This module is used to visualize the results of enrichment analysis.

Input File Formats

A. TSV Result File

  • Usually generated by the enrichment analysis module, or follows a general enrichment analysis result format.
  • Required Columns (automatically identified, can also be manually specified):
    • Term/Pathway Name
    • P-value or Adjusted P-value (used for color mapping)
    • Count/Size (used for dot size)
    • NES (used for GSEA result display)

B. Pickle (.pkl) File

  • GSEA result object file generated by the enrichment analysis module.

Features and Chart Types

1. Dot Plot

  • Usage: Display enriched pathways and their significance.
  • Parameters:
    • Column: Numerical column mapped to dot size or color.
    • X/Group: X-axis grouping.
    • Hue: Color mapping column.
    • Threshold: Filter out non-significant pathways.
    • Style: Adjustable dot size scaling, shape, color map (Colormap).

2. Bar Plot

  • Usage: Simply display Top pathways.
  • Parameters: Supports custom colors, legend position, etc.

3. GSEA Plot

  • Usage: Only available after loading a PKL file.
  • Function: Draw classic GSEA Running Enrichment Score plots.
  • Interaction: Select one or multiple Terms from the list to plot.
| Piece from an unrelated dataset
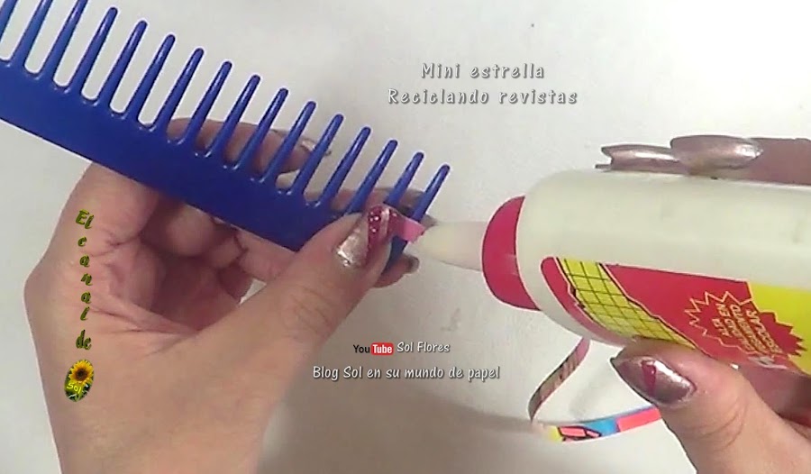 Tiras de hojas de revista cortadas a lo largo de 1 cm. de ancho, cola blanca, alfileres, un peine de dientes anchos, un trozo de cartón o de unicel, broches para ropa y glitter.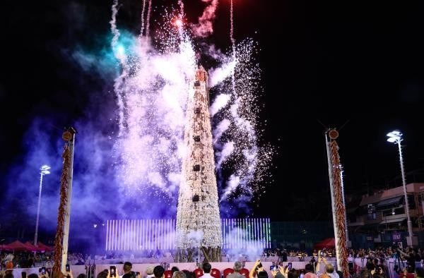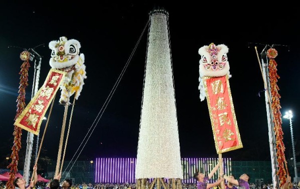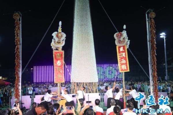 【字幕】5月6日凌晨,香港長洲太平清醮“搶包山決賽”在長洲北帝廟遊樂場足球場舉行,吸引千餘市民及旅客圍觀。

Supports showing/hiding Ranking metric, adjusting legend position and font size.

3. GMT Generator

This module is used to create custom GMT files.

Input File Formats

  • Same as the Annotation File in Enrichment Analysis.

Steps

  1. Load the annotation file (TSV/TXT).
  2. Select ID Column and Annotation Column.
  3. Annotation Processing Settings:
    • Enable Annotation Split: If a cell contains multiple annotations (e.g., GO:001|GO:002), check this and set the separator (e.g., |).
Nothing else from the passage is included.